Southie History: Charles Dickens and Helen Keller

1.7 min readBy Published On: September 18th, 2017Categories: Features0 Comments on Southie History: Charles Dickens and Helen Keller

Written by Anna White

Without Southie, the late great Patty Duke never wins an Oscar and the ACLU might not be a thing

In 1842, the most famous writer in the world came to Boston. Imagine if Harry Styles, Julian Edelman and Neil Degrasse Tyson were one person. Imagine how popular that person would be. That’s how famous Charles Dickens was when he came to Boston at the age of thirty. (Check out a portrait of Dickens here – just scroll down the page.) You might be shrugging to yourself now, “Eh Scrooge, Miss Havisham, best of times, worst of times etcetera. High School English would have been better without Mr. Dickens.” Just so you know, I’m shaking my head at you in judgement. Ahem, anyway, back in the day he was one of the most famous celebrities in the world.

And, of course, like the celebrities of today, he came to Southie. If you remember your History Lesson from a few months ago, the Perkins School for the Blind used to be located in our neighborhood. Charles Dickens spent a day in Southie, at the Perkins, which impressed him so much he wrote about in his travel book, “American Notes.”

The passage in “American Notes” about the Perkins and its students really resonated with Kate Adams Keller when she read it decades later. Kate was so moved that she wrote to the school requesting a tutor for her daughter, Helen. The Perkins School then sent Anne Sullivan to Alabama to work with her daughter, Helen, in 1887. Anne and Helen both came back to live and study in Southie at the Perkins for 5 years.

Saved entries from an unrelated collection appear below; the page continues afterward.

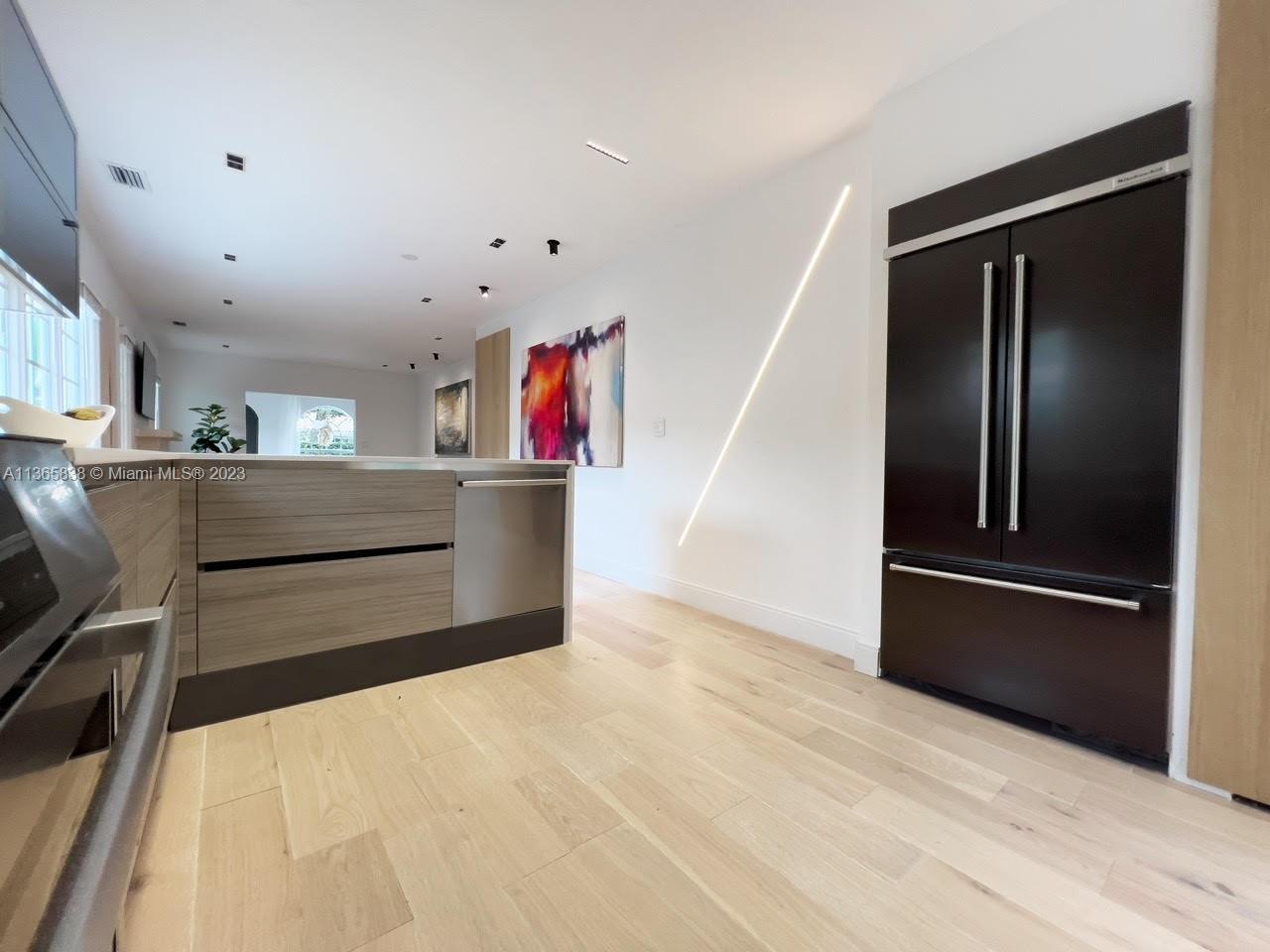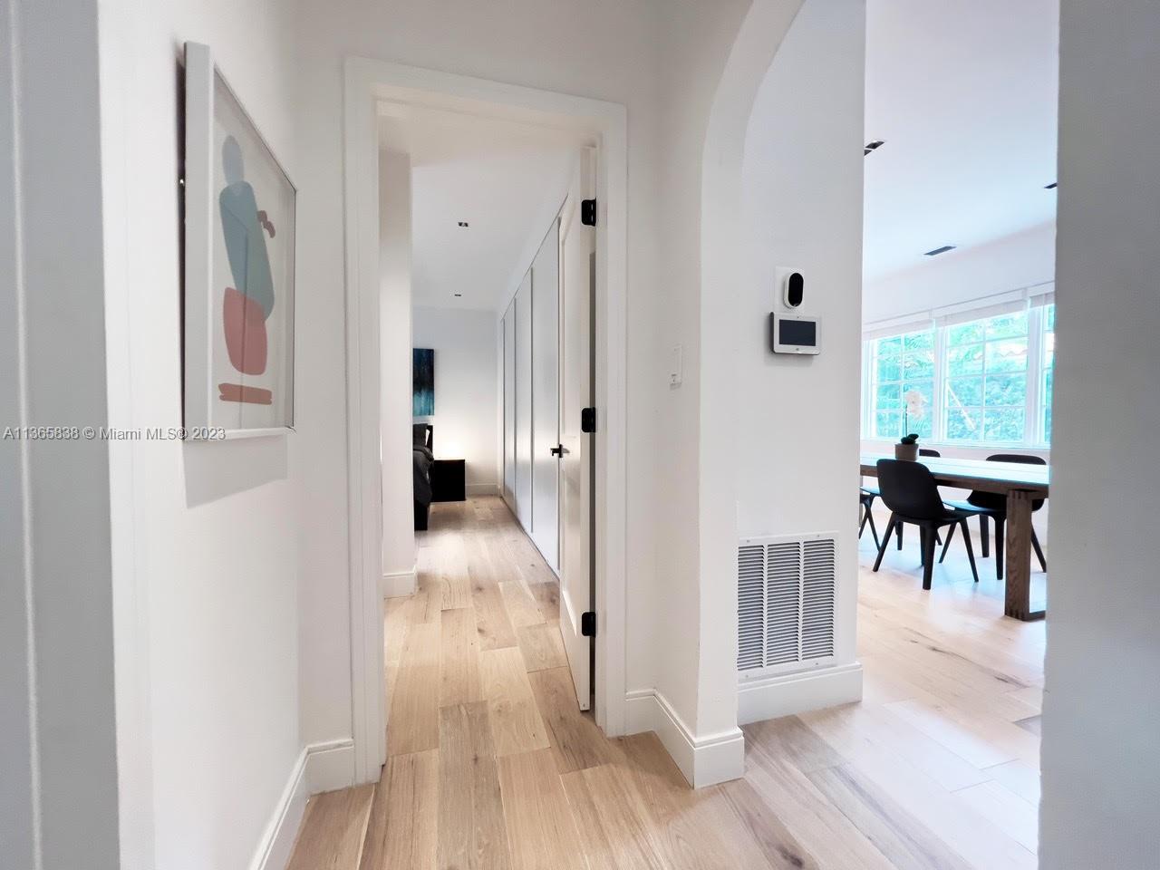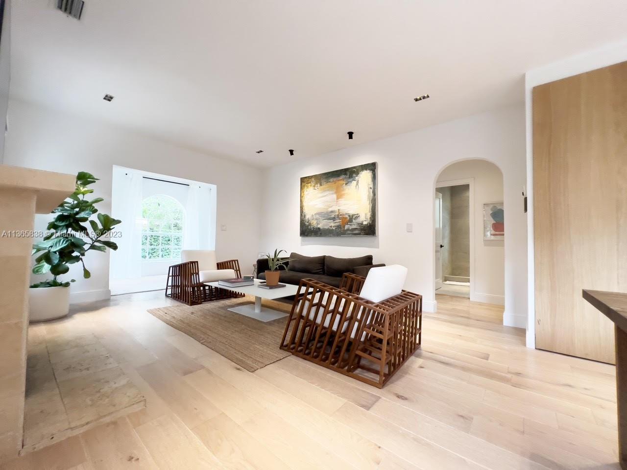 A beautifully updated Old Spanish charmer moments from Granada Golf Course and downtown Coral Gables. With 3 bedrooms, 2 bathrooms in the main house, third room perfect for office with garden view plus a spacious 1 bedroom/1 bathroom guest cottage. Features a large Foyer with wood ceiling beams, natural lighting throughout the home, open floor plan, large living room with fireplace, dining room, that connects to a beautiful Italian kitchen with quartz waterfall counter, high end appliances and gallery lighting. New engineered solid wood flooring throughout the home. An ample backyard for family entertainment. Tesla charging station. Home furnished or unfurnished. New Barrel Roof (March 2023).This gem is move-in Ready, schedule a private tour today! Seller motivated!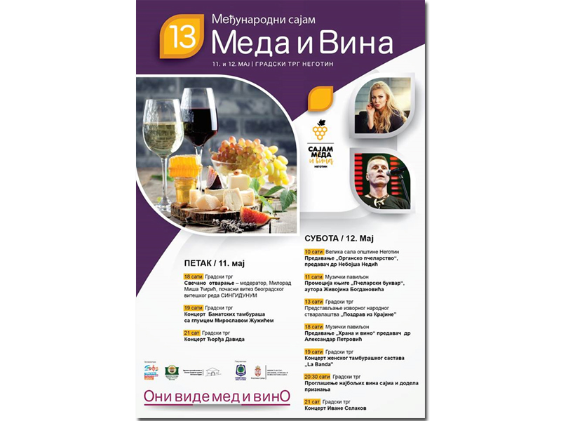 Trinaesti po redu sajam meda i vina biće svečano otvoren u petak 11. maja.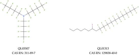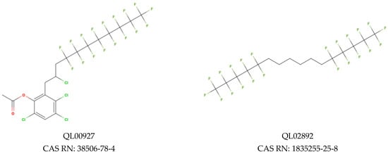 Regarding the screening for PPARβ, we have classified the predictions into two groups: low binding probability (green-2108 PFAS) and moderate binding probability (yellow-122 PFAS). In Figure 5A we have presented the correlation between ICR (corresponds to a number of branching), X% (percentage of halogen atoms), and PFAS binding potency to PPARβ. The docking scores estimated for this endpoint range from −9.88 to −9.60 for the moderate binding probability class (yellow) and from −9.59 to −4.67 for the low binding probability class (green). An analysis of the descriptor values shows that compounds with more halogen atoms (high X% value), and more branches in the main chain have lower binding scores (they bind more strongly to the receptor) [58]. Worth considering is that QL01313 (Figure 6), despite the relatively low content of halogen atoms (X% = 40%), was in the group of compounds with a moderate probability of binding due to the high value of branching (ICR = 3.24). However, in the same group, there is also less branched compound (ICR = 2.35): QL03507 (Figure 6), which consists of 12 atoms of carbon and contains a lot of fluorine atoms in its structure (X% = 67.5%). Both mentioned PFAS were classified into a group with a moderate probability of binding (Figure 5A).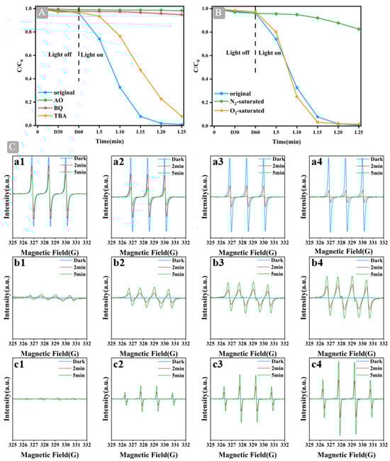 The active species of the 2 wt% GQDs/BiOCl-VO were determined using radical trapping experiments and ESR technology. To assess the impact of diverse reactive radicals on the degradation of RhB, trapping experiments were carried out with various scavengers, including ammonium oxalate (AO), p-benzoquinone (BQ), and tert-butanol (TBA), to capture h+, hydroxyl radicals (·OH), and ·O2, respectively (Figure 6A). The trapping experiments showed that h+ and ·O2 were the main active species and that the ·OH radical played a certain role in the reaction. In an attempt to investigate the degradation of RhB by dissolved oxygen, nitrogen and oxygen were introduced during the degradation process (Figure 6B). The admission of nitrogen diminished the photocatalytic performance; dissolved oxygen played a significant role in the degradation of RhB. Notably, the introduction of dissolved oxygen did not substantially improve the performance. Based on the effect resulting from the loss of oxygen vacancy and the enhancement of the formation of ·O2 free radicals, the initial performance was similar to that observed prior to the introduction of dissolved oxygen [43]. The above XPS analysis of 2 wt% GQDs/BiOCl-VO cycled also confirmed this result. Therefore, dissolved oxygen had a considerable influence on the GQDs/BiOCl-VO system.

Without our neighborhood connecting people:
-Helen Keller was the co-founder of the ACLU. Without the education she received because of the Perkins, the ACLU might not exist, and
-The Miracle Worker wouldn’t go on to win two Oscars, a BAFTA and a Golden Globe in the early 1960s because it might also not exist. One of the Oscars went to the amazing Patty Duke for her portrayal of Helen Keller.